Well, the first disciples responded to that question with a question of their own: “Where are you staying?” Sounds like one of those flustered responses we sometimes give and then feel silly about. But if Jesus was disappointed in their response, he didn’t let it show. Instead he took their question about where he was staying seriously and said simply, “Come and see.” Now there’s a note that draws us in. Prior to following him, Jesus doesn’t ask for any commitment up front, no entrance exam, no down payment. Rather a winsome invitation: “Come and see.” Jesus’ comment reminds us that knowing Jesus entails relationship. We learn who Jesus is and what he means to us only by coming to him, staying by him, learning from him and serving with him.

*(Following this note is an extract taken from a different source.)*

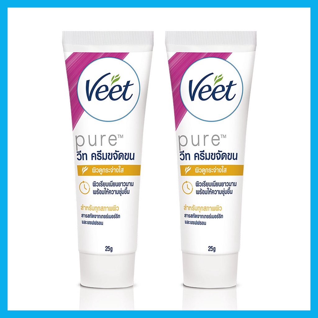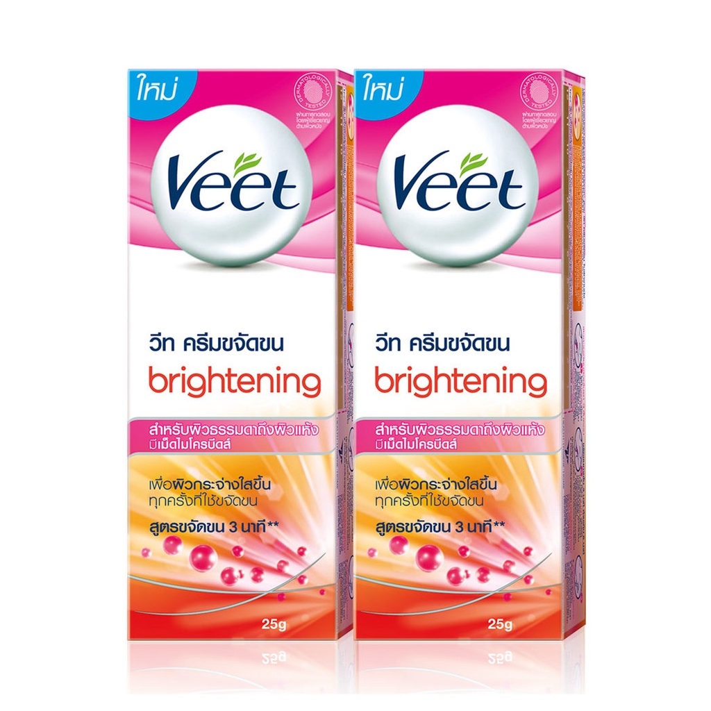 Veet Hair Removal Cream Brightening with Microbeads Normal to Dry Skin [25g x 2pcs]ครีมขจัดขนสำหรับผิวธรรมดาถึงผิวแห้ง ด้วยสูตรผสมไมโครบีดส์ ช่วยขจัดขนอย่างง่ายดาย พร้อมขจัดเซลล์ผิวเก่าให้หลุดออกอย่างอ่อนโยน เผยผิวดูเรียบเนียน กระจ่างใสขึ้นทุกครั้งหลังการขจัดขน พร้อมมอบกลิ่นหอมสดชื่น• สำหรับผิวธรรมดาถึงผิวแห้ง

And isn’t this same dynamic true for the church. Our witness to Christ, if it is to be credible, resides in what people see when they come among us. We can’t expect people to be impressed with what we say. Our theology, our creeds, our arguments for faith won’t be convincing to most people today. The only thing that really matters is what people see when they come and stay with us, even if it’s for an hour on Sunday morning.
In other words, what kind of witness do our lives actually make? To an outside observer, would we look like everyone else in the rat race, distracted and disaffected, prone to resentments, caught up the same prejudices, full of the same fears? Or to an observer would our worship be so sincere and engaging, our hospitality to genuine, our service so selfless and generous that they would cause someone to want to take a closer look--to want to come and see more?
Writer Kathleen Norris wrote in Christian Century magazine about attending an interfaith conference at St. John’s Abbey in Minnesota. One of the speakers was a French Benedictine who reported on the longstanding exchange program that French monastics have had with Japanese Zen Buddhists. He said that after a Buddhist visitor had been in the monastery for about a month, he had only one question. It seemed to him that the monks did not live very well. They worked hard, their food was neither good nor plentiful, and they did not get enough sleep. “Yet they are joyful,” he said, “and I want to know: from where does this joy come?”
Friends, that’s the kind of question we want people to ask of us. Imagine a congregation in which faith, hope and love are so alive that they cause people to want to take a closer look. Imagine our church’s witness as so clearly pointing beyond ourselves to the love of Christ, that it prompts people to ask--as the Buddhist monk did: Where does their joy come from? Where does this hospitality come from? The commitment to serve others--where does it come from? Of course, such questions as these can’t be answered with words alone. They are answered with an invitation: Come and see!